[Opening Task inputs section]

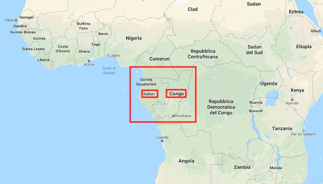 Mappa dell’Africa centrale. In evidenza Gabon e Congo (Courtesy Google Maps)
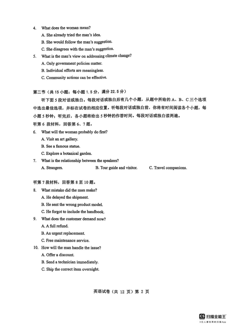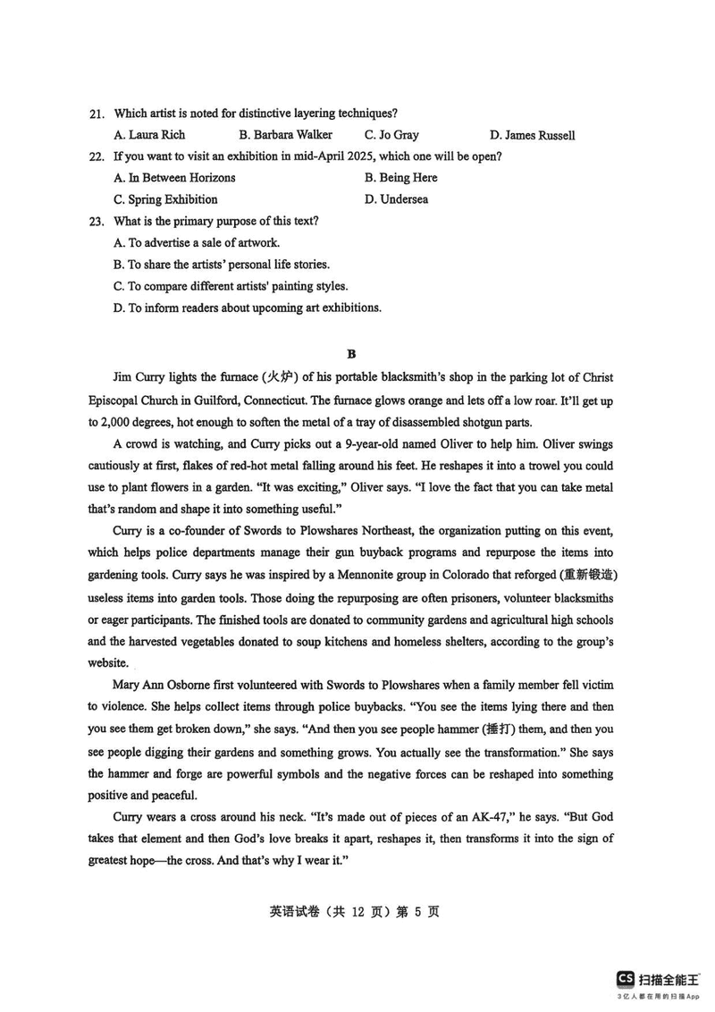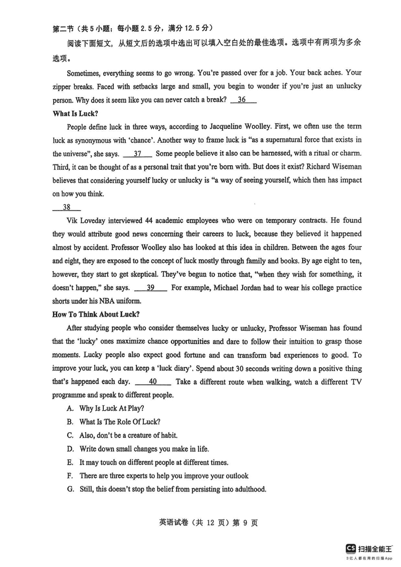 2025年湖北省新八校协作体高三5月联考英语试题质量较高,题型多样,将作为考察考生对相应考点的掌握程度,考后将及时整理试...
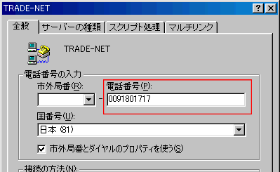 「マイコンピュータ」→「ダイヤルアップネットワーク」を開きます。 「TRADE-NET」のアイコンを右クリックして「プロパティ」を選択します。
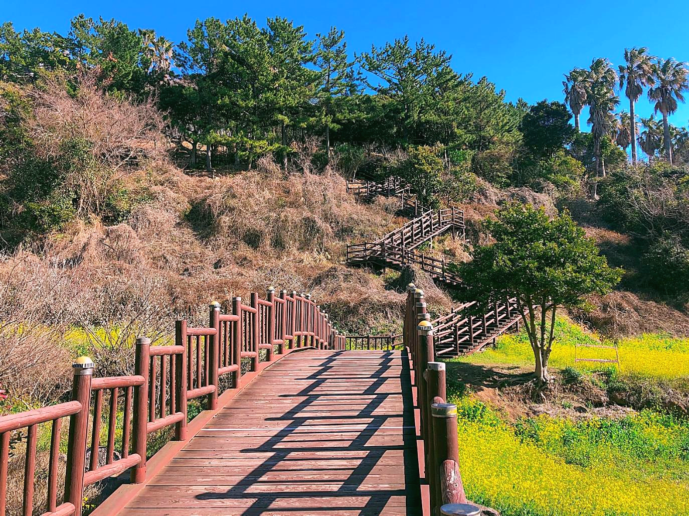 산방산보다 최근 떠오르는 엉덩물계곡이라는 곳입니다. 제주도 유채꽃 핫플레이스로 떠오르는 곳입니다. 모든 길이 나무데크가 깔려있어서 산책하기 좋다고 합니다. 이국적인 분위기를 느낄 수 있는 곳입니다. 보통 제주도에 유채꽃을 무료로 즐길 수 있는 곳입니다. 중문 관광단지 호텔과 연결되어있어 호텔 투숙이나 관광객들의 인기 만점인 곳입니다. 엉덩물 계곡에서는 유채꽃뿐만 아니라 매화도 함께 볼 수 있습니다. 넓은 계곡을 따라 유채꽃이 장관을 이루는 곳입니다.
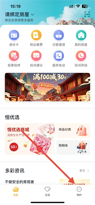 1、打开恒大智慧社区app,点击底部导航栏中的我的选项。
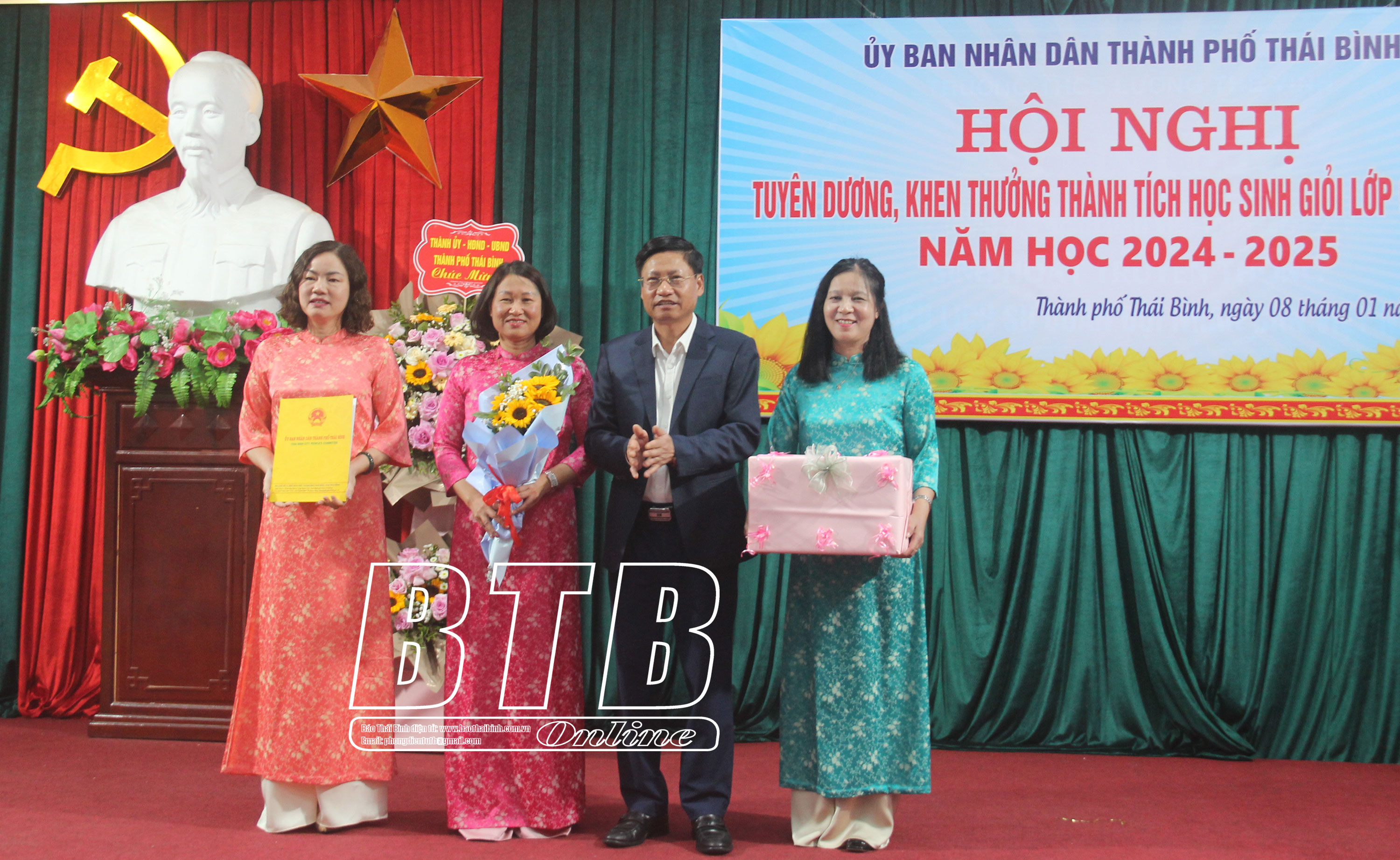 Tại hội nghị, UBND thành phố đã tuyên dương, khen thưởng 1 tập thể, 7 giáo viên và 13 học sinh đạt thành tích cao trong kỳ thi chọn học sinh giỏi lớp 9 cấp tỉnh năm học 2024 - 2025.
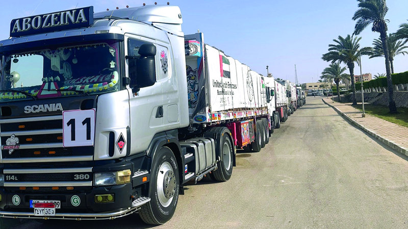 دخلت قافلة مساعدات إماراتية إلى قطاع غزة، أول من أمس، عبر معبر رفح المصري، وذلك في إطار جهود الدولة لدعم وإغاثة الأشقاء الفلسطينيين خلال الظروف الراهنة وضمن «عملية الفارس الشهم 3» الإنسانية. وتتألف القافلة من 12 شاحنة تحمل على متنها أكثر من 264 طناً من المساعدات الإنسانية تتضمن مواد غذائية ومياهاً وتموراً. وبذلك يصل عدد شاحنات المساعدات التي دخلت إلى القطاع، ضمن «عملية الفارس الشهم 3»، إلى 440 شاحنة أسهمت إلى حد كبير في التخفيف من شدة الأوضاع التي يعانيها سكان القطاع، وفي رفع المعاناة عن الفئات الأكثر ضعفاً، وتوفير الاحتياجات الأساسية لهم.
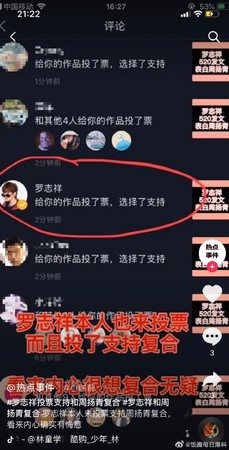 在抖音的粉絲團上面,有網友舉辦了一個投票活動,問大家「羅志祥和周揚青復合嗎?」結果後來被發現羅志祥本人有用自己的帳號去投票,讓粉絲團馬上發文說,「羅志祥也投票了!一會出視頻!」並釋出了一段抖音影片,裡頭有多張截圖,證明來投票的小豬帳號是有著官方認證的黃勾勾帳號!
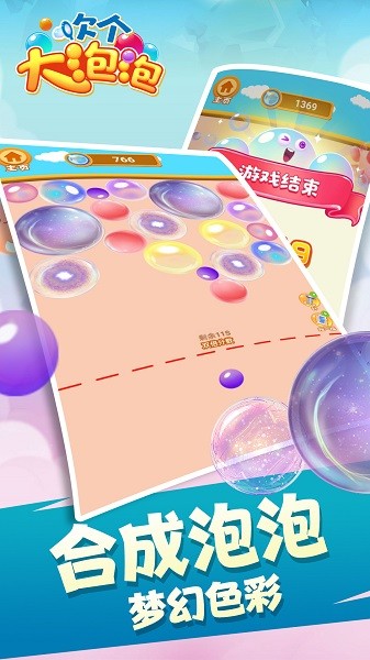 吹个大泡泡,趣味的泡泡合成小游戏,游戏操作简单,玩家仅需点击相同泡泡即可完成合成玩法,游戏中泡泡会从底部出现,玩家需要控制好泡泡上升的方位,来完成泡泡消除玩法,感兴趣的玩家可以下载体验一下!
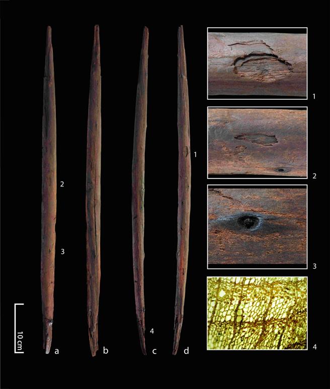Por ahora es la publicación más reciente de esta lista. Es una punta de madera de tejo que mide 15 cm y fue fabricada por neandertales hace 90 ka. Le aplicaron fuego para endurecerla o tallarla, y la emplearon para cavar, extraer raíces y tubérculos, como lanza, o para liberar núcleos de sílex embutidos en arcilla. Durante su tratamiento se curvó al perder el agua.
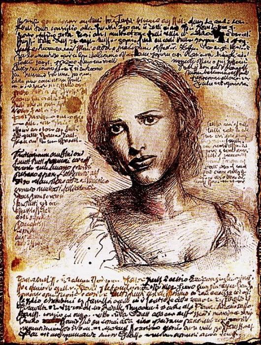Страница 47 имела самое большое значение для Рамбальди. На первый взгляд она казалась пустой, но изображение на ней потом было проявлено специальной жидкостью. На странице он изобразил портрет женщины, которую назвал Избранной.
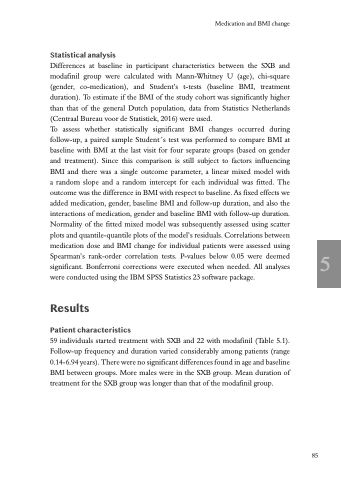 59 individuals started treatment with SXB and 22 with modafinil (Table 5.1). Follow-up frequency and duration varied considerably among patients (range 0.14-6.94 years). There were no significant differences found in age and baseline BMI between groups. More males were in the SXB group. Mean duration of treatment for the SXB group was longer than that of the modafinil group.
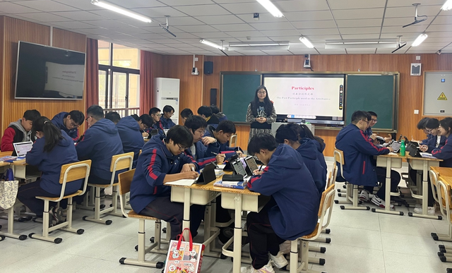 本节课周老师从学生们的需求和兴趣出发,采用任务型教学法和举例讲解的方式,向学生们介绍了过去分词作为前置定语和后置定语的基本用法。随后通过一系列的阅读和翻译任务,帮助学生们深入理解过去分词作定语与定语从句的相互转换,以及过去分词表被动意义和完成状态的用法。课堂上学生们纷纷主动发言,积极参与讨论,课堂氛围积极热烈。
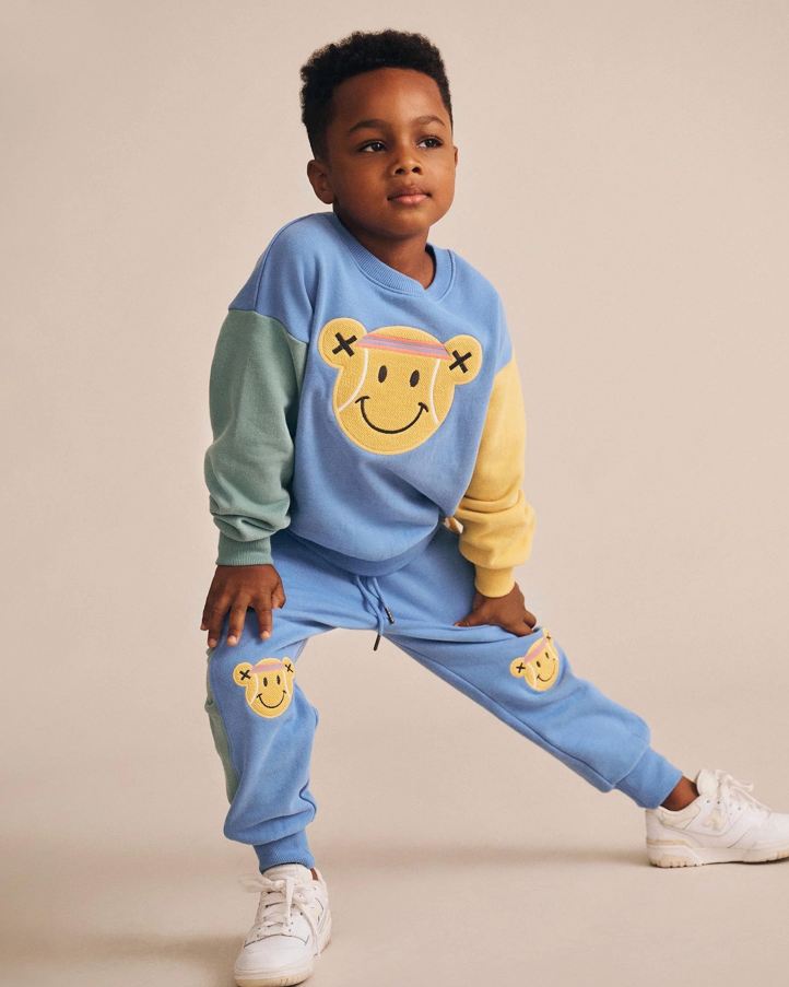 This cosy, retro-style fleece set is made from the dreamiest organic cotton that feels like getting a big hug from your best friend. It features a tummy-sized fuzzy tennis bear embroidery and comes in a cool block colour design. Baby sizes include stainless steel back snaps for easy dressing.
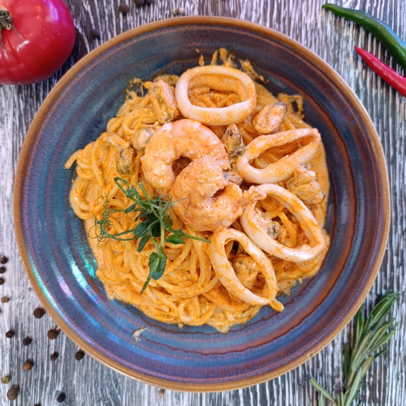спагетти, цыпленок, сливки, шампиньоны, лук, соус соевый, пармезан, травы прованские
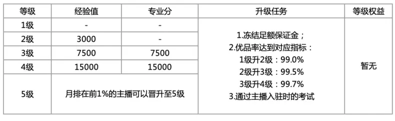 2.主播層級(jí):當(dāng)前分為5個(gè)等級(jí)和16個(gè)專(zhuān)業(yè)領(lǐng)域。1級(jí)主播只有經(jīng)驗(yàn)值,2級(jí)及以上主播才有專(zhuān)業(yè)分,3級(jí)及以上主播可以設(shè)置多個(gè)專(zhuān)業(yè),但請(qǐng)注意,多個(gè)專(zhuān)業(yè)情況下您的專(zhuān)業(yè)分將會(huì)被平均處理。只有滿(mǎn)足對(duì)應(yīng)等級(jí)要求后,主播才可以晉升到下一個(gè)等級(jí)。
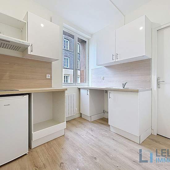 Appartement non meublé - Quartier Saint-Marc / Aître Saint-Maclou Appartement entièrement refait à neuf, situé dans le quartier recherché de Saint-Marc, en face de l'Aître Saint-Maclou. Il comprend : Un séjour avec cheminée décorative et placards, une cuisine séparée aménagée et équipée (meubles hauts et bas, évier, plaque électrique, réfrigérateur, branchement machine à laver), une salle d'eau (douche, meuble vasque et WC). Chauffage individuel électrique. Quartier calme et prisé, proche des commerces, restaurants et transports. Disponible ...
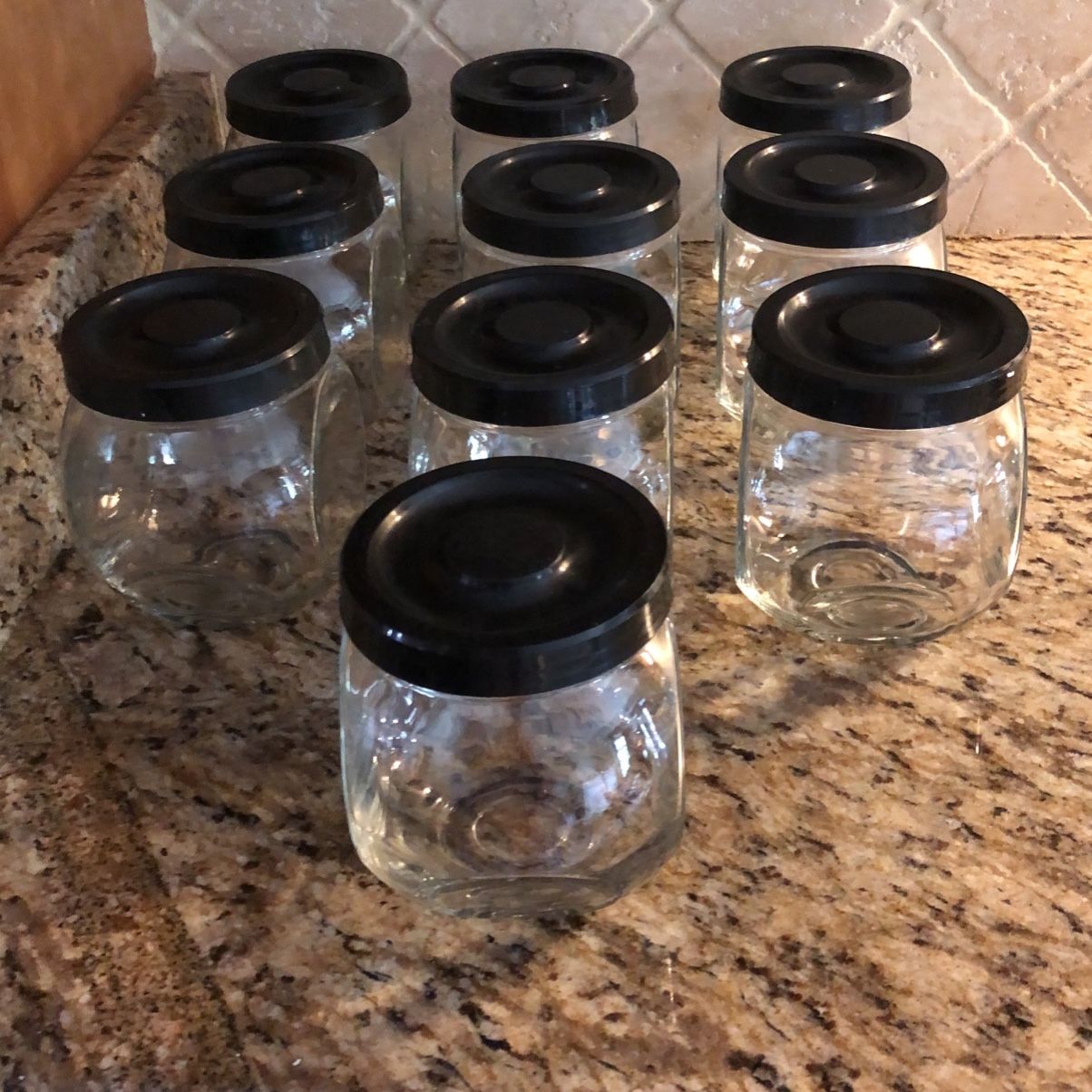 Used Very Good Condition 10 Jars Clear Glass & Black Plastic Covers I used it for Spicy , Like Cloves, Sticks Cinnamon, Powder Cinnamon, Coriander Powder and Seeds .... Payment cash only Don’t hold Don’t deliver
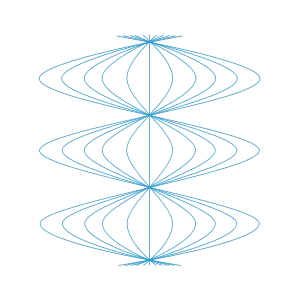 One immediately obtains an integral curve that exhibits sinusoidal expansion and reconvergence cycles. See the figure, in which time is running vertically and one uses the radial symmetry to suppress one spatial dimension. This figure shows why there is a coordinate singularity in the Rosen chart; the observers must pass by one another at regular intervals, which is incompatible with the comoving property, so the chart breaks down at these places. Note that this figure incorrectly suggests that one observer is the 'center of attraction', as it were, but in fact they are all completely equivalent, due to the large symmetry group of this spacetime. Note too that the broadly sinusoidal relative motion of our observers is fully consistent with the behavior of the expansion tensor (concerning the frame field corresponding to our family of observers) which was noted above.

[Closing Task inputs section]

Print every entry exactly as written, without the pictures.

 Mappa dell’Africa centrale. In evidenza Gabon e Congo (Courtesy Google Maps)
 2025年湖北省新八校协作体高三5月联考英语试题质量较高,题型多样,将作为考察考生对相应考点的掌握程度,考后将及时整理试...
 「マイコンピュータ」→「ダイヤルアップネットワーク」を開きます。 「TRADE-NET」のアイコンを右クリックして「プロパティ」を選択します。
 산방산보다 최근 떠오르는 엉덩물계곡이라는 곳입니다. 제주도 유채꽃 핫플레이스로 떠오르는 곳입니다. 모든 길이 나무데크가 깔려있어서 산책하기 좋다고 합니다. 이국적인 분위기를 느낄 수 있는 곳입니다. 보통 제주도에 유채꽃을 무료로 즐길 수 있는 곳입니다. 중문 관광단지 호텔과 연결되어있어 호텔 투숙이나 관광객들의 인기 만점인 곳입니다. 엉덩물 계곡에서는 유채꽃뿐만 아니라 매화도 함께 볼 수 있습니다. 넓은 계곡을 따라 유채꽃이 장관을 이루는 곳입니다.
 1、打开恒大智慧社区app,点击底部导航栏中的我的选项。
 Tại hội nghị, UBND thành phố đã tuyên dương, khen thưởng 1 tập thể, 7 giáo viên và 13 học sinh đạt thành tích cao trong kỳ thi chọn học sinh giỏi lớp 9 cấp tỉnh năm học 2024 - 2025.
 دخلت قافلة مساعدات إماراتية إلى قطاع غزة، أول من أمس، عبر معبر رفح المصري، وذلك في إطار جهود الدولة لدعم وإغاثة الأشقاء الفلسطينيين خلال الظروف الراهنة وضمن «عملية الفارس الشهم 3» الإنسانية. وتتألف القافلة من 12 شاحنة تحمل على متنها أكثر من 264 طناً من المساعدات الإنسانية تتضمن مواد غذائية ومياهاً وتموراً. وبذلك يصل عدد شاحنات المساعدات التي دخلت إلى القطاع، ضمن «عملية الفارس الشهم 3»، إلى 440 شاحنة أسهمت إلى حد كبير في التخفيف من شدة الأوضاع التي يعانيها سكان القطاع، وفي رفع المعاناة عن الفئات الأكثر ضعفاً، وتوفير الاحتياجات الأساسية لهم.
 在抖音的粉絲團上面,有網友舉辦了一個投票活動,問大家「羅志祥和周揚青復合嗎?」結果後來被發現羅志祥本人有用自己的帳號去投票,讓粉絲團馬上發文說,「羅志祥也投票了!一會出視頻!」並釋出了一段抖音影片,裡頭有多張截圖,證明來投票的小豬帳號是有著官方認證的黃勾勾帳號!
 吹个大泡泡,趣味的泡泡合成小游戏,游戏操作简单,玩家仅需点击相同泡泡即可完成合成玩法,游戏中泡泡会从底部出现,玩家需要控制好泡泡上升的方位,来完成泡泡消除玩法,感兴趣的玩家可以下载体验一下!
Por ahora es la publicación más reciente de esta lista. Es una punta de madera de tejo que mide 15 cm y fue fabricada por neandertales hace 90 ka. Le aplicaron fuego para endurecerla o tallarla, y la emplearon para cavar, extraer raíces y tubérculos, como lanza, o para liberar núcleos de sílex embutidos en arcilla. Durante su tratamiento se curvó al perder el agua.
Страница 47 имела самое большое значение для Рамбальди. На первый взгляд она казалась пустой, но изображение на ней потом было проявлено специальной жидкостью. На странице он изобразил портрет женщины, которую назвал Избранной.
 59 individuals started treatment with SXB and 22 with modafinil (Table 5.1). Follow-up frequency and duration varied considerably among patients (range 0.14-6.94 years). There were no significant differences found in age and baseline BMI between groups. More males were in the SXB group. Mean duration of treatment for the SXB group was longer than that of the modafinil group.
 本节课周老师从学生们的需求和兴趣出发,采用任务型教学法和举例讲解的方式,向学生们介绍了过去分词作为前置定语和后置定语的基本用法。随后通过一系列的阅读和翻译任务,帮助学生们深入理解过去分词作定语与定语从句的相互转换,以及过去分词表被动意义和完成状态的用法。课堂上学生们纷纷主动发言,积极参与讨论,课堂氛围积极热烈。
 This cosy, retro-style fleece set is made from the dreamiest organic cotton that feels like getting a big hug from your best friend. It features a tummy-sized fuzzy tennis bear embroidery and comes in a cool block colour design. Baby sizes include stainless steel back snaps for easy dressing.
спагетти, цыпленок, сливки, шампиньоны, лук, соус соевый, пармезан, травы прованские
 2.主播層級(jí):當(dāng)前分為5個(gè)等級(jí)和16個(gè)專(zhuān)業(yè)領(lǐng)域。1級(jí)主播只有經(jīng)驗(yàn)值,2級(jí)及以上主播才有專(zhuān)業(yè)分,3級(jí)及以上主播可以設(shè)置多個(gè)專(zhuān)業(yè),但請(qǐng)注意,多個(gè)專(zhuān)業(yè)情況下您的專(zhuān)業(yè)分將會(huì)被平均處理。只有滿(mǎn)足對(duì)應(yīng)等級(jí)要求后,主播才可以晉升到下一個(gè)等級(jí)。
 Appartement non meublé - Quartier Saint-Marc / Aître Saint-Maclou Appartement entièrement refait à neuf, situé dans le quartier recherché de Saint-Marc, en face de l'Aître Saint-Maclou. Il comprend : Un séjour avec cheminée décorative et placards, une cuisine séparée aménagée et équipée (meubles hauts et bas, évier, plaque électrique, réfrigérateur, branchement machine à laver), une salle d'eau (douche, meuble vasque et WC). Chauffage individuel électrique. Quartier calme et prisé, proche des commerces, restaurants et transports. Disponible ...
 Used Very Good Condition 10 Jars Clear Glass & Black Plastic Covers I used it for Spicy , Like Cloves, Sticks Cinnamon, Powder Cinnamon, Coriander Powder and Seeds .... Payment cash only Don’t hold Don’t deliver
 One immediately obtains an integral curve that exhibits sinusoidal expansion and reconvergence cycles. See the figure, in which time is running vertically and one uses the radial symmetry to suppress one spatial dimension. This figure shows why there is a coordinate singularity in the Rosen chart; the observers must pass by one another at regular intervals, which is incompatible with the comoving property, so the chart breaks down at these places. Note that this figure incorrectly suggests that one observer is the 'center of attraction', as it were, but in fact they are all completely equivalent, due to the large symmetry group of this spacetime. Note too that the broadly sinusoidal relative motion of our observers is fully consistent with the behavior of the expansion tensor (concerning the frame field corresponding to our family of observers) which was noted above.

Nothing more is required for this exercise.